Investigation of the expression pattern and function of intracellular complement factor C3 in hematopoietic stem and progenitor cells

Hematopoietic stem and progenitor cells (HSPCs) maintain lifelong blood production owing to a tight regulation of self-renewal and differentiation. Recent studies have revealed that the complement system also operates intracellularly, where it modulates key physiological processes. In particular, the complement factor C3 has been found in HSPCs and has emerged as a novel regulator of hematopoiesis. This thesis aimes to investigate the expression pattern and functional role of C3 in the hematopoietic system, focusing on HSPCs. Using Western blot, cell fractionation and immunofluorescence, C3-derived fragments and their subcellular localizations were characterized in hematopoietic cells. Higher intracellular C3 levels, particularly iC3b, were observed in less differentiated cells. Moreover, C3 was detected across all subcellular compartments, and for the first time, its presence was demonstared in the nucleus of LSK cells. Collectively, these findings suggest that C3 may play a role in regulating HSPC function, possibly through modulation of gene expression. To investigate intracellular C3 function, a knockdown model was established in NIH/3T3 and LSK cells.
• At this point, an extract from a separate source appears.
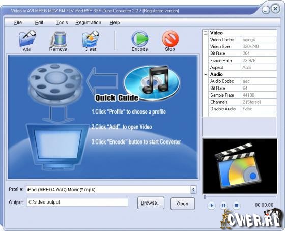 Поддерживает устройства: IPod, iPhone, Archos, PSP, PS3, Xbox360, Zune, Wii, Blackberry, мобильный телефон, MP4-плеер, плеер Creative Zen, HP IPAQ, Pocket PC, PDA и т.д. Конвертор очень прост в использовании, конвертирует быстро и с хорошим качеством.

Although C3-shRNA efficiently reduced C3 mRNA levels, protein expression remained largely unchanged. This inverse correlation between C3 mRNA and protein levels was consistently observed across several cell types and conditions. In addition, the potential uptake of C3 from the extracellular environment suggests that de novo synthesis and external sources cooperate to maintain stable intracellular C3 levels. Despite this discrepancy, these experiments indicate that changes in intracellular C3 levels are associated with changes in glycolytic activity and cell proliferation, independent of cell type. Overall, these results highlight the complex regulation and role of the complement system in hematopoiesis and suggest a link between intracellular C3 and HSPC homeostasis. Although many aspects of intracellular C3 dynamics and modulation remain to be clarified, this work provides initial insights into C3 expression and function in HSPCs. Further investigations may uncover important mechanisms underlying the elaborate interplay of intracellular and niche-derived factors that regulate HSPC fate.